Among the entries below, please repeat exactly and only the lines from the line containing "A trio of international" to the line containing "何兰兰与队友们在方舱医院合影", both lines included.

=====

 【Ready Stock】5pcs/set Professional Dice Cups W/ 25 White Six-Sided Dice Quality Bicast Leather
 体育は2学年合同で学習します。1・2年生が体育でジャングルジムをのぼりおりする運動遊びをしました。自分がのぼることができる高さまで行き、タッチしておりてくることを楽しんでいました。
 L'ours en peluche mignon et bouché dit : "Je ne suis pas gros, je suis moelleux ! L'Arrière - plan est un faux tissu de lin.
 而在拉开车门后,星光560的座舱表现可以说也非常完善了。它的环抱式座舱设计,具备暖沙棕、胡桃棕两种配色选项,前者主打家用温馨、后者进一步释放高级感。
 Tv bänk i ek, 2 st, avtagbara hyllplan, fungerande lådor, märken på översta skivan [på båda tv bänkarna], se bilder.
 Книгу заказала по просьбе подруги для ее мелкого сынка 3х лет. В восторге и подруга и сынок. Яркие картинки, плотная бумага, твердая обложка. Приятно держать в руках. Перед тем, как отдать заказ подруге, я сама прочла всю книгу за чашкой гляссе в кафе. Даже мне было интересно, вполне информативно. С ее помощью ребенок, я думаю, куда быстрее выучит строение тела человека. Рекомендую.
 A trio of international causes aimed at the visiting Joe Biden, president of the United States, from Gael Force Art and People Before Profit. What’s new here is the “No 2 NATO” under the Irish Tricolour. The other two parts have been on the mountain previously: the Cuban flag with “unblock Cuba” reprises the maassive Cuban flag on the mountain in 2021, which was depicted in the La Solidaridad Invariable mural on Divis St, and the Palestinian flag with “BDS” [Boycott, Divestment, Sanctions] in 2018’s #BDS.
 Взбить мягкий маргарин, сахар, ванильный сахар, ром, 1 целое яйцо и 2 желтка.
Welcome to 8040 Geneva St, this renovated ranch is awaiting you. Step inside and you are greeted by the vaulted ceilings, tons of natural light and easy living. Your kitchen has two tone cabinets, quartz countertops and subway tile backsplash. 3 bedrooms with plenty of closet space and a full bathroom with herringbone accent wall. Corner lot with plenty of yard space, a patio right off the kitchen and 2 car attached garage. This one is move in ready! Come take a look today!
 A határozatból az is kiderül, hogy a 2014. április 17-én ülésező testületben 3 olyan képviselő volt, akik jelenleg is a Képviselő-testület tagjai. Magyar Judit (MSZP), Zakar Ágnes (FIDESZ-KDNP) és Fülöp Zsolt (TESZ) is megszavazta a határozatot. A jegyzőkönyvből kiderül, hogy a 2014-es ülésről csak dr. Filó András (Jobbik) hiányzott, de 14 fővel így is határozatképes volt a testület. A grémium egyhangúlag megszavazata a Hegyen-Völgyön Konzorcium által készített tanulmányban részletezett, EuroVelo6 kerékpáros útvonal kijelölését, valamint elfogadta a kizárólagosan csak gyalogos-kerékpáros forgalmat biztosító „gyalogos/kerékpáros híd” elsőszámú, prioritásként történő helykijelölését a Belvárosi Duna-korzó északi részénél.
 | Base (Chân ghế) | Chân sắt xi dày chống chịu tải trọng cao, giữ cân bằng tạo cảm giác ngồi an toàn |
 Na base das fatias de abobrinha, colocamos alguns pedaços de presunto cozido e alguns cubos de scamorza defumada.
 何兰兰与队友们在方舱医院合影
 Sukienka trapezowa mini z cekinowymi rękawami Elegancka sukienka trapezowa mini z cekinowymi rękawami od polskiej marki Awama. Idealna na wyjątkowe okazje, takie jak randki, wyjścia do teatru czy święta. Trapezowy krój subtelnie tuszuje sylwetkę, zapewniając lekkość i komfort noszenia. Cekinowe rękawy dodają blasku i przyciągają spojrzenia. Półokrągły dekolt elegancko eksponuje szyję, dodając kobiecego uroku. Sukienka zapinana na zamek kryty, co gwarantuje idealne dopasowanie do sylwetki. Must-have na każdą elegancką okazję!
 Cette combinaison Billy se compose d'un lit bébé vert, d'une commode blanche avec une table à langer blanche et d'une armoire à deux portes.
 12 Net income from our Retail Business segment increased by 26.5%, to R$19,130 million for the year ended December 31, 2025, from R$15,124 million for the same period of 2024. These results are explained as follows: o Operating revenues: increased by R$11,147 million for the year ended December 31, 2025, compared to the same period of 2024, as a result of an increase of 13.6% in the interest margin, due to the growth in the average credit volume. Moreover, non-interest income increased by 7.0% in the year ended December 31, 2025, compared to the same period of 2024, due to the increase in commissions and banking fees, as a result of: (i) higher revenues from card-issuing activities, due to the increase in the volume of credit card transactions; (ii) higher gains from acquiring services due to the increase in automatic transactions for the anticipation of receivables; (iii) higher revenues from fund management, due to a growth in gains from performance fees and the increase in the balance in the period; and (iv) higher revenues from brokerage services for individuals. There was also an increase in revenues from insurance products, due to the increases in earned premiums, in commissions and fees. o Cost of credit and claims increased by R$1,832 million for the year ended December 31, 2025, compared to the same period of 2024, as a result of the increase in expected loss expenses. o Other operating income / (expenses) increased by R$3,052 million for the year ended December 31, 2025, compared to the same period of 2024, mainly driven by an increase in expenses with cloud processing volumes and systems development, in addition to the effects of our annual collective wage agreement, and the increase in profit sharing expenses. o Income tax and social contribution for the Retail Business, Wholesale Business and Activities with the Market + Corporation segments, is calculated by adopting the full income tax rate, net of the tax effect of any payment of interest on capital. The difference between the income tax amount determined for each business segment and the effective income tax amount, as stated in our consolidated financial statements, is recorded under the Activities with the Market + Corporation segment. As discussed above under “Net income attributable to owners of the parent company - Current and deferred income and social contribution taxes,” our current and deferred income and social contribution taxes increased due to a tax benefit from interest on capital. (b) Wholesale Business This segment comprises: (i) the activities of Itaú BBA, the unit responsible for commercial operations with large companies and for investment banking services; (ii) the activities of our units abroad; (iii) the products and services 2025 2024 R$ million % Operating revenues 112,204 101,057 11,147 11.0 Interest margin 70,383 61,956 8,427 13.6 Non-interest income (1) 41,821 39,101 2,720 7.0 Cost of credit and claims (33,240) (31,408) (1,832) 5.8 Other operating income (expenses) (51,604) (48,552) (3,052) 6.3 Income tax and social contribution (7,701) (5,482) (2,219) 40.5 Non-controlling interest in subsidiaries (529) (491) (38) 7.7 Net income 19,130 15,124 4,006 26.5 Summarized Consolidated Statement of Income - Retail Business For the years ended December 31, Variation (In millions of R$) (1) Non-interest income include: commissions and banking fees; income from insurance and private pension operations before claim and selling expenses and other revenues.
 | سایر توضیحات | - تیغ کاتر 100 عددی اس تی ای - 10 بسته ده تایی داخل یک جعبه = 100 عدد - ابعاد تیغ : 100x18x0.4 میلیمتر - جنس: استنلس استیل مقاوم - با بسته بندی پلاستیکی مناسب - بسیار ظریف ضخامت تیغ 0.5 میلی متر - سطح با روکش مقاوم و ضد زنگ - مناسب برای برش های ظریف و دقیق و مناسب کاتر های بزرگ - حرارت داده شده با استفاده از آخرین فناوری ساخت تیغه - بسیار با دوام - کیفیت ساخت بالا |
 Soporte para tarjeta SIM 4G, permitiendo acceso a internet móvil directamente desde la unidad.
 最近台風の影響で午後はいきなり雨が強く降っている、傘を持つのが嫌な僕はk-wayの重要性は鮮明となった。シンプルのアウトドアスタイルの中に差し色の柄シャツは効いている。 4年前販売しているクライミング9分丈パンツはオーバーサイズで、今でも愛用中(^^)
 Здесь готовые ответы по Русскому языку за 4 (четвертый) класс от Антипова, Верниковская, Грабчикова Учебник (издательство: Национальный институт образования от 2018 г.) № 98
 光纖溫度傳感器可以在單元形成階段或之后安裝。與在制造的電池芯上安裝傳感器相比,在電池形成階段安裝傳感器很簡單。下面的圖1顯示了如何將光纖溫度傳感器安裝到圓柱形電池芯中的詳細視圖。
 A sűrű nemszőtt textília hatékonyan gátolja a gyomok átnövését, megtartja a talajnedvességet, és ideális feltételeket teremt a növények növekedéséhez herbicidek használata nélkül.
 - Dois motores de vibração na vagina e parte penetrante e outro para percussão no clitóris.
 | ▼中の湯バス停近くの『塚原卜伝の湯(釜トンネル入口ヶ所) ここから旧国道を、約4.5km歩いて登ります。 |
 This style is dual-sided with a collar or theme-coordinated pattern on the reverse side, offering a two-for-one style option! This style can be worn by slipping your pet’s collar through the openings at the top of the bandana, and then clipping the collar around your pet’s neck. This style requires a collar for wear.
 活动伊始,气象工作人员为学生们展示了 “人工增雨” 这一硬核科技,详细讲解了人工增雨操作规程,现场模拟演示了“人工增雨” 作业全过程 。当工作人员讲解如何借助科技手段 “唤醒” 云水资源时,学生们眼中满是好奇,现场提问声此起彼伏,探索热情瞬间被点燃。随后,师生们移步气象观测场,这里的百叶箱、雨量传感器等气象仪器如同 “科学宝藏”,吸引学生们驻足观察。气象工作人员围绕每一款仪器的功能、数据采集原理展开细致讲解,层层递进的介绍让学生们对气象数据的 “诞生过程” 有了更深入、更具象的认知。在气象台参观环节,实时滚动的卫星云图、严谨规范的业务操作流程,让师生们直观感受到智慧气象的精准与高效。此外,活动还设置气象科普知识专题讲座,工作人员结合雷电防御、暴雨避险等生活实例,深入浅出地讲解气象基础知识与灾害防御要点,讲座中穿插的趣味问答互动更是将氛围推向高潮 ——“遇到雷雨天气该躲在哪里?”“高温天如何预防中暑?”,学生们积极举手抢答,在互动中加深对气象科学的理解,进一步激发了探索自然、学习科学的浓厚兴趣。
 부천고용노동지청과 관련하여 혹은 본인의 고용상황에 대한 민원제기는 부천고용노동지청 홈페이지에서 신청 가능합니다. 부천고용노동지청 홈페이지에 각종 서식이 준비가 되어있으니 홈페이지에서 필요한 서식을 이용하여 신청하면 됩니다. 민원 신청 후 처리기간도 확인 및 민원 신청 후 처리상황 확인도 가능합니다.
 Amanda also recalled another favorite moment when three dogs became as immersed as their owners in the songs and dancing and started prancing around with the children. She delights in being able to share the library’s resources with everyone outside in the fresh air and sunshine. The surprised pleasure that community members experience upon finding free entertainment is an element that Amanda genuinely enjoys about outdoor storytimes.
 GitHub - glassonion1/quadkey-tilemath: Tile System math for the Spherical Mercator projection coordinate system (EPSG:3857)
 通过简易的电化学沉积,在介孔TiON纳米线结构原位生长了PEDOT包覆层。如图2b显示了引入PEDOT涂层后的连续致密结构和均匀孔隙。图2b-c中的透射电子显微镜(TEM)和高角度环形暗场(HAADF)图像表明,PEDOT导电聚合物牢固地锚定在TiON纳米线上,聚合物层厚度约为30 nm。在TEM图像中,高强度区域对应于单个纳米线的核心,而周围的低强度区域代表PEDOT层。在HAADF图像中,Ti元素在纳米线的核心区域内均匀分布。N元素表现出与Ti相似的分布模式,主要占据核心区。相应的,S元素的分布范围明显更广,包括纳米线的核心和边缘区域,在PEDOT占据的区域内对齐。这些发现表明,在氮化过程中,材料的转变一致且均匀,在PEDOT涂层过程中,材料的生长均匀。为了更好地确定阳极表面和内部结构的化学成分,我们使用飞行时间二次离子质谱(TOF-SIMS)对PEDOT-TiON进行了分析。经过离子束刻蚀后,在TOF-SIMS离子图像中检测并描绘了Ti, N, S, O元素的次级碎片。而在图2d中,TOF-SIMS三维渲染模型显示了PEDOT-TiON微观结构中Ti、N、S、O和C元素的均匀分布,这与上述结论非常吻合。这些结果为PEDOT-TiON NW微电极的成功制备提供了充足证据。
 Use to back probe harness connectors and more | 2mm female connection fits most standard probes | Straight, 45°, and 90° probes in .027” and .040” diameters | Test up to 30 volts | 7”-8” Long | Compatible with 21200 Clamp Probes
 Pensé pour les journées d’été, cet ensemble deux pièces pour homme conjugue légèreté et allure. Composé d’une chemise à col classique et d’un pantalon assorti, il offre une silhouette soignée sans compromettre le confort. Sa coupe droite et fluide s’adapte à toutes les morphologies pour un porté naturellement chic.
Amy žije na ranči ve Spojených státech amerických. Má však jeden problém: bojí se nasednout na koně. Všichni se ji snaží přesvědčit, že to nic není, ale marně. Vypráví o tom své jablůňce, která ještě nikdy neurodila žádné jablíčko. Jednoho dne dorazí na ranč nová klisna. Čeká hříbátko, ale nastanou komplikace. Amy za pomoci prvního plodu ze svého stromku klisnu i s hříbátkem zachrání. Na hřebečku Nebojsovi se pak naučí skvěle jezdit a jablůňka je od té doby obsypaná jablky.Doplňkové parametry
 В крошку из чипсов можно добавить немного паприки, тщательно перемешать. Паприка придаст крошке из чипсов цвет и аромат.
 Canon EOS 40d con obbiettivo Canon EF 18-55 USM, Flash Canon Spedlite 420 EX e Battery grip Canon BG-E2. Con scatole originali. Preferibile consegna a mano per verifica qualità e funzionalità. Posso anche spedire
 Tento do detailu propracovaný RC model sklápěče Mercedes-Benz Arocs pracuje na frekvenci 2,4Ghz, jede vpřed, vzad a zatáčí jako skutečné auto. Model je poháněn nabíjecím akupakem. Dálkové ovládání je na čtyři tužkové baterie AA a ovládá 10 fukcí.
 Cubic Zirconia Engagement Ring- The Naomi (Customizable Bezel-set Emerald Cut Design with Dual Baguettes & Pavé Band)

=====

● Solution to the exercise:
 A trio of international causes aimed at the visiting Joe Biden, president of the United States, from Gael Force Art and People Before Profit. What’s new here is the “No 2 NATO” under the Irish Tricolour. The other two parts have been on the mountain previously: the Cuban flag with “unblock Cuba” reprises the maassive Cuban flag on the mountain in 2021, which was depicted in the La Solidaridad Invariable mural on Divis St, and the Palestinian flag with “BDS” [Boycott, Divestment, Sanctions] in 2018’s #BDS.
 Взбить мягкий маргарин, сахар, ванильный сахар, ром, 1 целое яйцо и 2 желтка.
Welcome to 8040 Geneva St, this renovated ranch is awaiting you. Step inside and you are greeted by the vaulted ceilings, tons of natural light and easy living. Your kitchen has two tone cabinets, quartz countertops and subway tile backsplash. 3 bedrooms with plenty of closet space and a full bathroom with herringbone accent wall. Corner lot with plenty of yard space, a patio right off the kitchen and 2 car attached garage. This one is move in ready! Come take a look today!
 A határozatból az is kiderül, hogy a 2014. április 17-én ülésező testületben 3 olyan képviselő volt, akik jelenleg is a Képviselő-testület tagjai. Magyar Judit (MSZP), Zakar Ágnes (FIDESZ-KDNP) és Fülöp Zsolt (TESZ) is megszavazta a határozatot. A jegyzőkönyvből kiderül, hogy a 2014-es ülésről csak dr. Filó András (Jobbik) hiányzott, de 14 fővel így is határozatképes volt a testület. A grémium egyhangúlag megszavazata a Hegyen-Völgyön Konzorcium által készített tanulmányban részletezett, EuroVelo6 kerékpáros útvonal kijelölését, valamint elfogadta a kizárólagosan csak gyalogos-kerékpáros forgalmat biztosító „gyalogos/kerékpáros híd” elsőszámú, prioritásként történő helykijelölését a Belvárosi Duna-korzó északi részénél.
 | Base (Chân ghế) | Chân sắt xi dày chống chịu tải trọng cao, giữ cân bằng tạo cảm giác ngồi an toàn |
 Na base das fatias de abobrinha, colocamos alguns pedaços de presunto cozido e alguns cubos de scamorza defumada.
 何兰兰与队友们在方舱医院合影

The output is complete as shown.